__DESCRIPTION OF THE TASK__: The listing below should be printed exactly, though its pictures must not be.

::: EXERCISE DATA :::

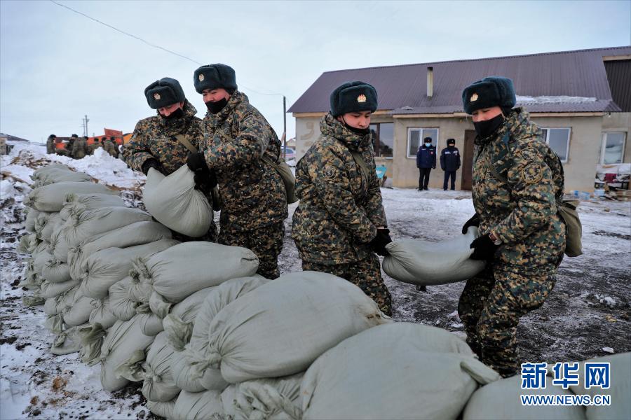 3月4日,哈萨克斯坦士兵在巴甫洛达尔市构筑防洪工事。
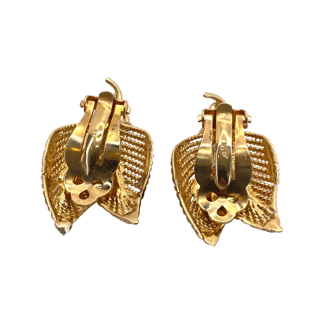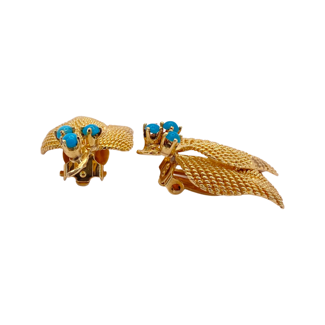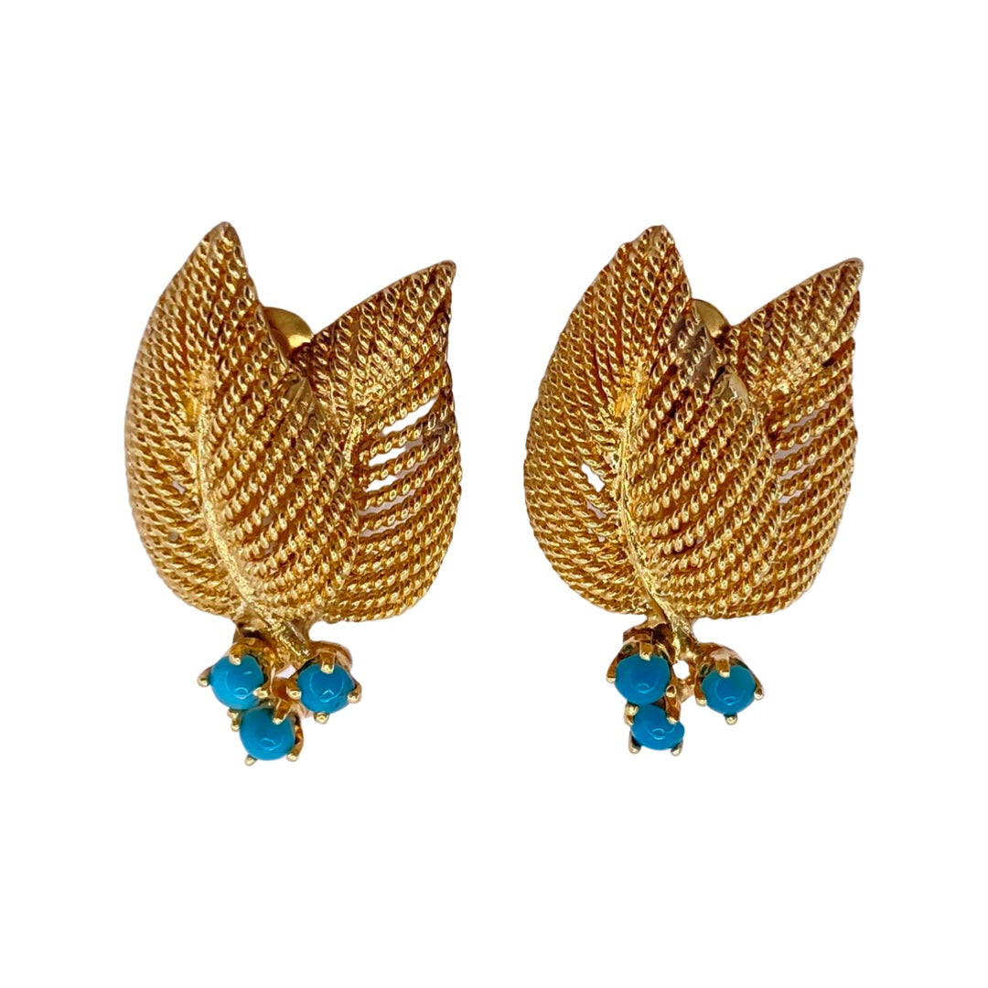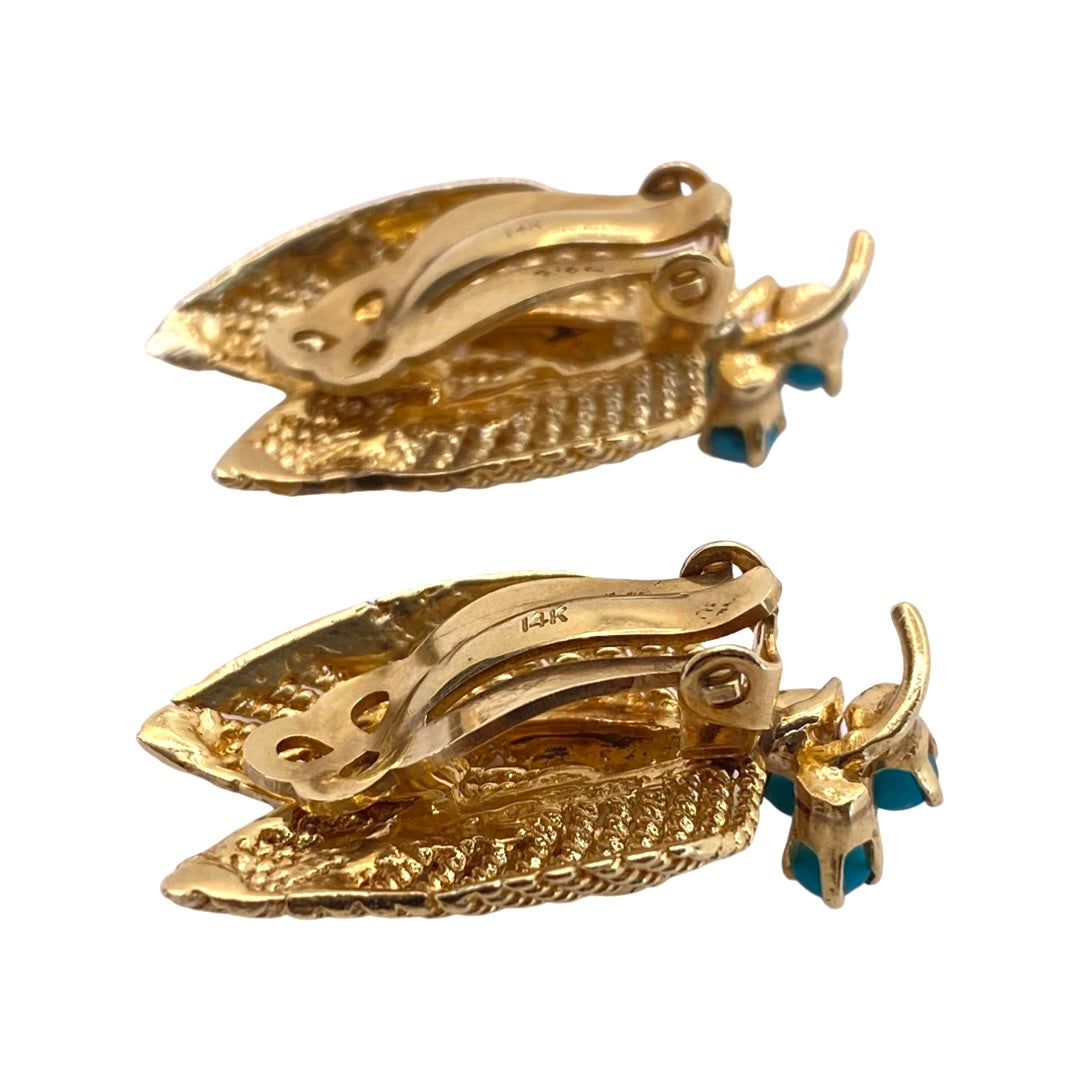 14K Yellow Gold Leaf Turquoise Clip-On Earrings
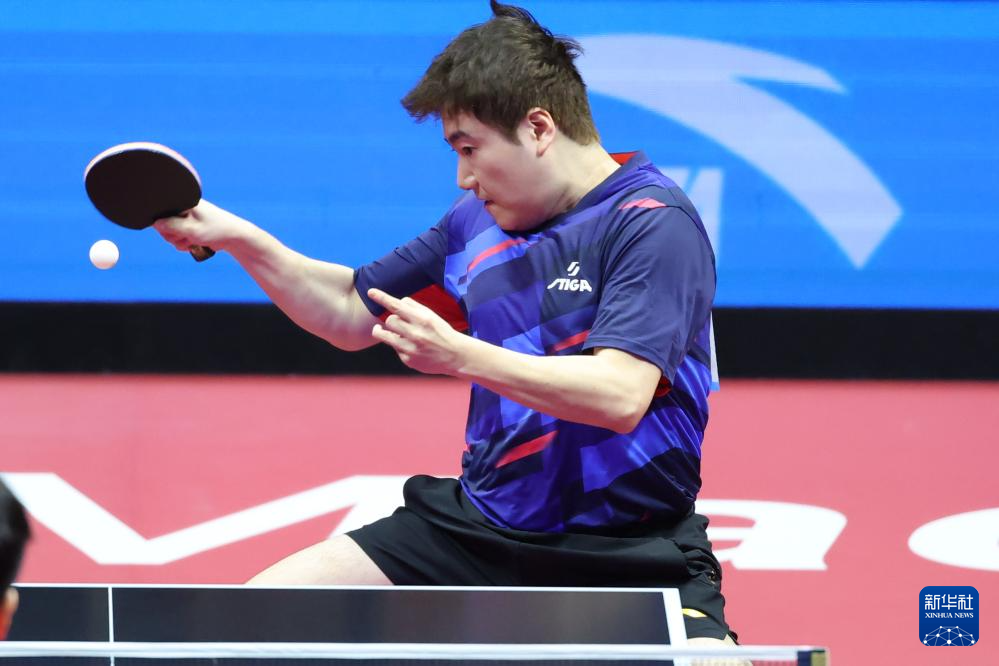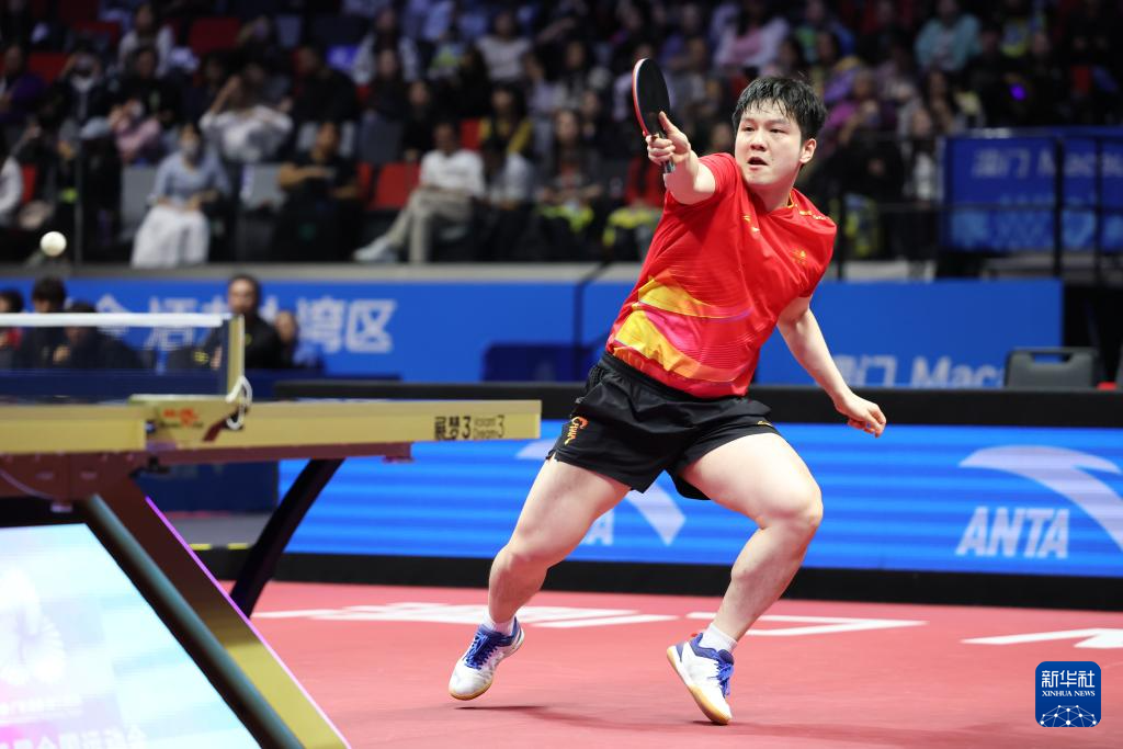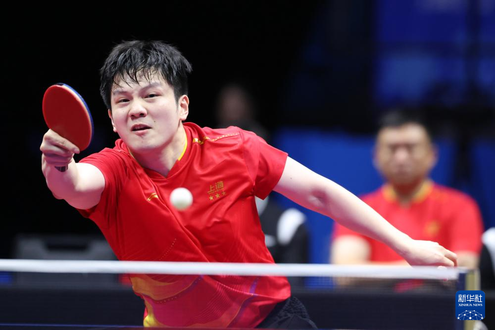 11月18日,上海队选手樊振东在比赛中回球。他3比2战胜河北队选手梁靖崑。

:::

__OUTPUT__:
 3月4日,哈萨克斯坦士兵在巴甫洛达尔市构筑防洪工事。
 14K Yellow Gold Leaf Turquoise Clip-On Earrings
 11月18日,上海队选手樊振东在比赛中回球。他3比2战胜河北队选手梁靖崑。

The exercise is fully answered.